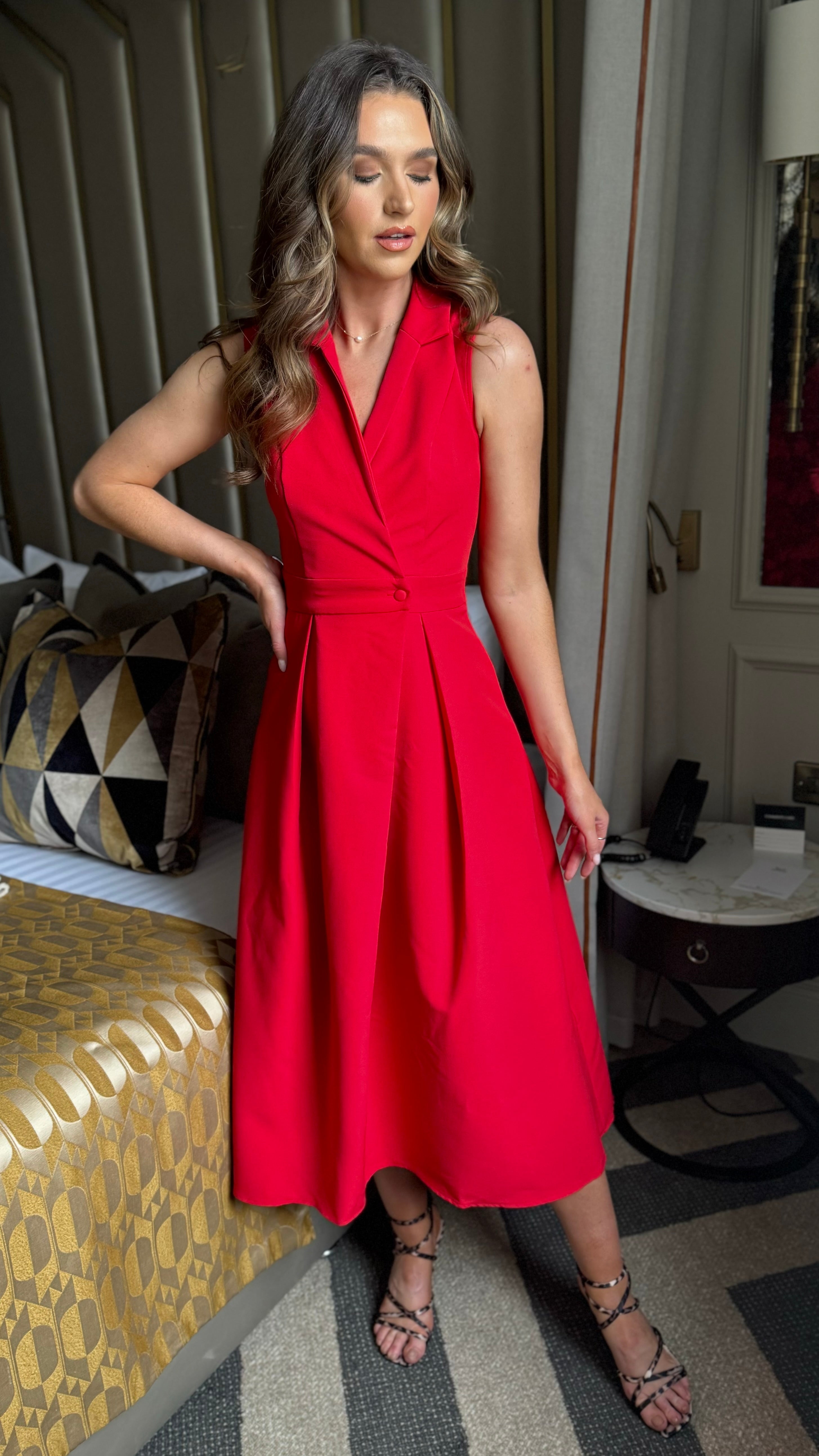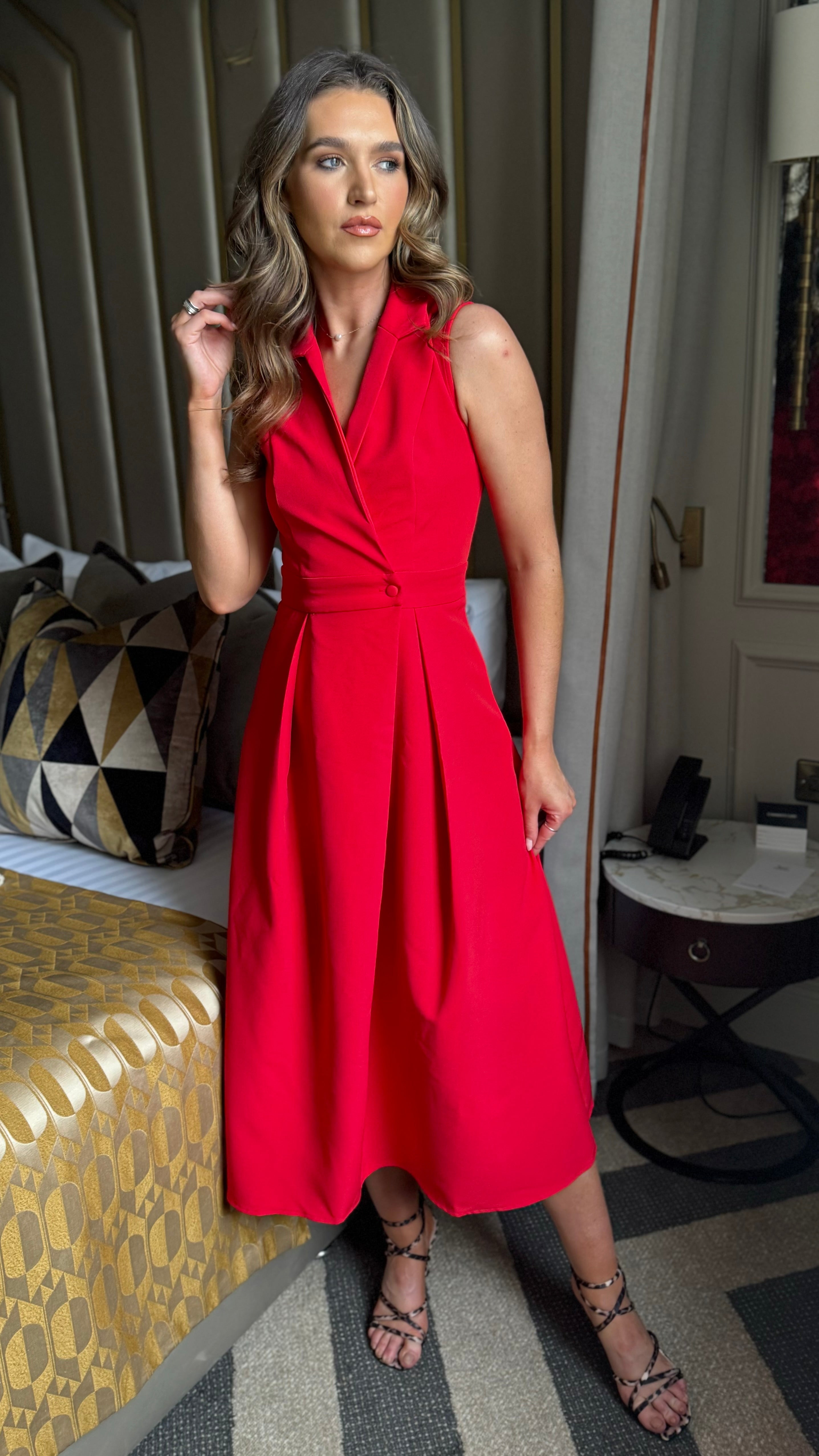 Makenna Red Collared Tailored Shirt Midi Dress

...

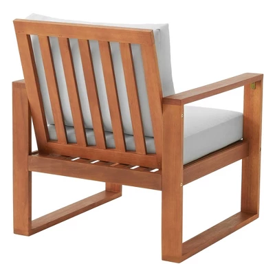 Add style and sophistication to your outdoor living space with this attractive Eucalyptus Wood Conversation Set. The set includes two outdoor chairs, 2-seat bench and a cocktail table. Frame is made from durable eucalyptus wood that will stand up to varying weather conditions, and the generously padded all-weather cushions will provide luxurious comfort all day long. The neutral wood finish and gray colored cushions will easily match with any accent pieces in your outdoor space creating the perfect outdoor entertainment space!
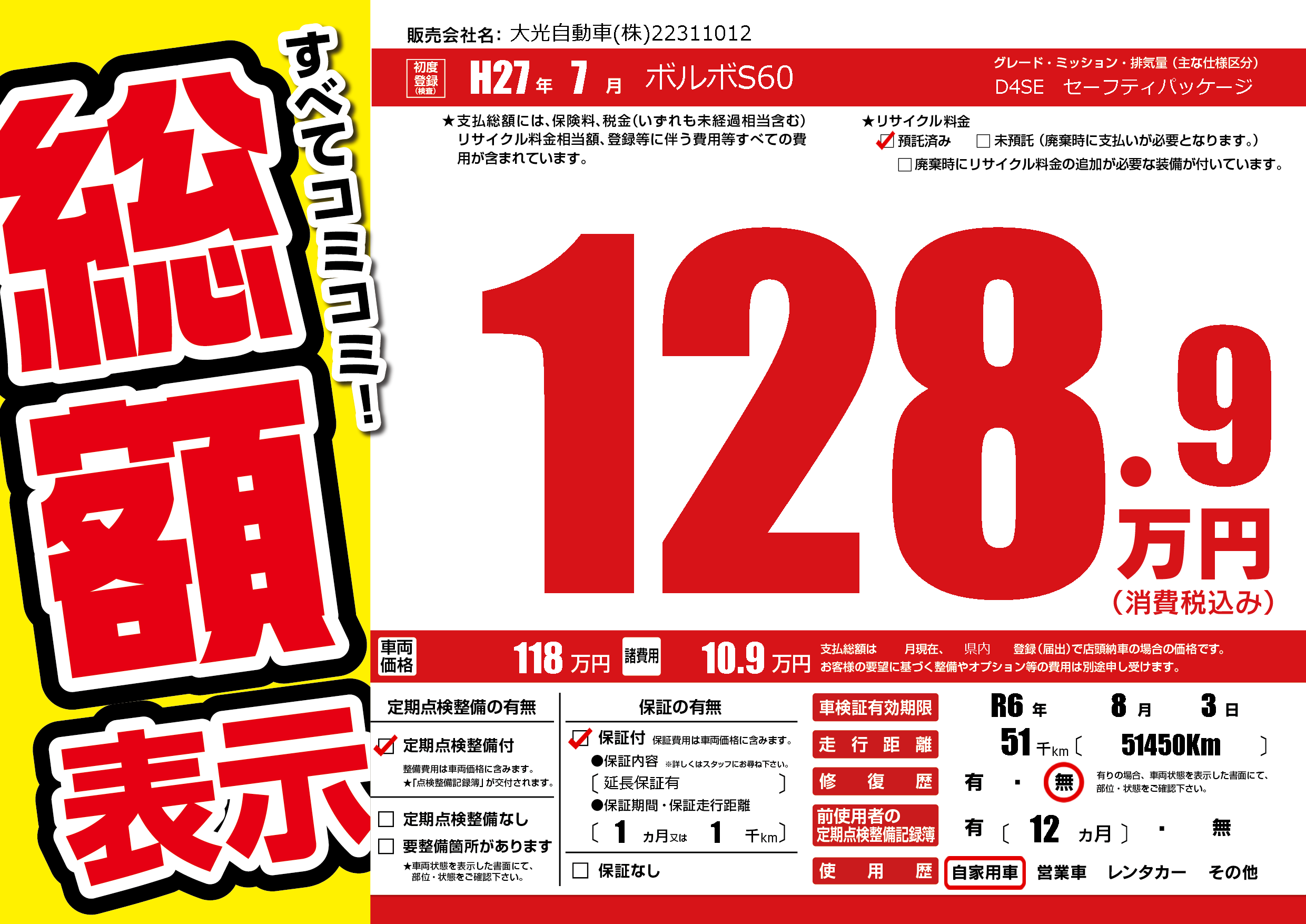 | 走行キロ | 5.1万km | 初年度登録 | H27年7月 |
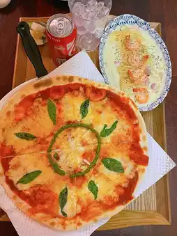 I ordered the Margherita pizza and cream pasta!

### [EXERCISE DIRECTIONS]
Please copy the lines above exactly, starting at the line that holds "Add style and" and ending at the line that holds "I ordered the"; include both, but no pictures.

### [ANSWER TO THIS EXERCISE]
 Add style and sophistication to your outdoor living space with this attractive Eucalyptus Wood Conversation Set. The set includes two outdoor chairs, 2-seat bench and a cocktail table. Frame is made from durable eucalyptus wood that will stand up to varying weather conditions, and the generously padded all-weather cushions will provide luxurious comfort all day long. The neutral wood finish and gray colored cushions will easily match with any accent pieces in your outdoor space creating the perfect outdoor entertainment space!
 | 走行キロ | 5.1万km | 初年度登録 | H27年7月 |
 I ordered the Margherita pizza and cream pasta!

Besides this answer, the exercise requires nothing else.